The. statute is very express that no bond shall be received *101•without written endorsement of the approval of the common council. This bond had on it a brief approval signed by the recorder, which we have no doubt could be connected with any legal action of the council authorizing it.
But the proceedings of the council are not shown to have amounted to such an approval. The records show that the “ retrenchment committee ” were required by resolution in connection “with the city attorney” should “report on all liquor bonds for the ensuing year.”
The council proceedings show that on the 3d of June the retrenchment committee, without any mention of the city attorney, reported the acceptance of eight bonds. Two others are mentioned, and it is not very clear whether the entry means that two others were referred by the' committee or were referred by the council, to the city attorney.
There is no mention of any approval or other action on the eight bonds , by the council. A further report by the same- committee, on an entirely different subject, is followed . by the word “ adopted.” This cannot properly be made to cover two different reports as it stands.
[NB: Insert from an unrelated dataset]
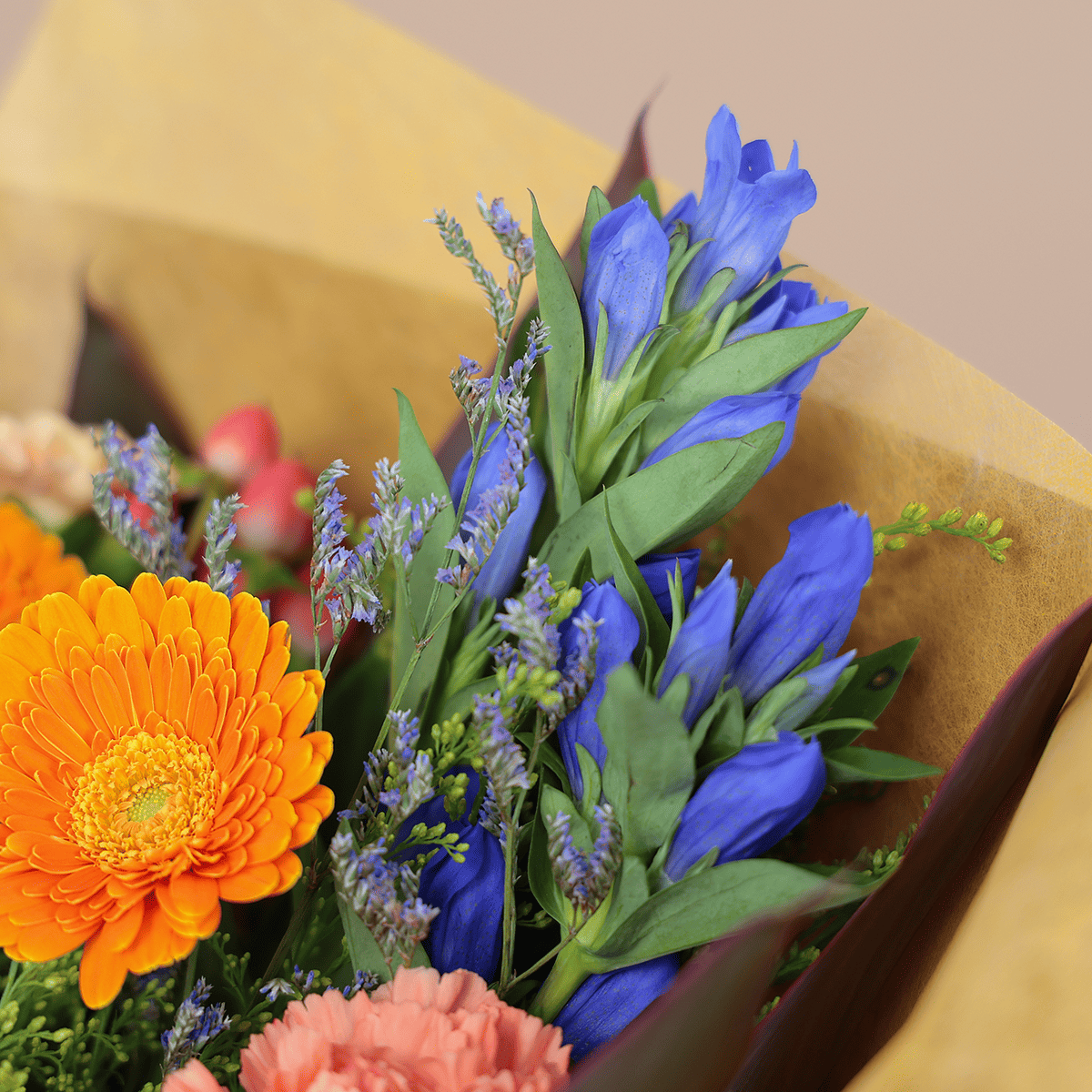 ガーベラ、カーネーション、リンドウ、ヒペリカムなど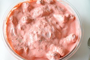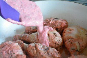 AFTER 5 MINUTES (10 minutes into cooking)- chicken will turn all liquidy as the curd coagulates...

The council could not delegate to any committee the final approval of bonds, and while we are not inclined to doubt the validity of a single entry of approval of several bonds at once, we think under the statutes there must be some distinct evidence that the council acted. If, as is most probable, the reference of two bonds to the city attorney is to be regarded as made by the council itself, that shows distinctly there was no direct approval of the rest. If made by the committee it would probably indicate that until those were examined action on the rest would be suspended. In either case it is fairly to be inferred that action was postponed, or else that it was erroneously supposed that the council had legally delegated all its powers to the committee.
We think the court below was correct in holding that no approval was shown.
The judgment should be affirmed with costs.
Marston, C. J. and Graves, J. concurred. Cooley, J. did not sit in this case.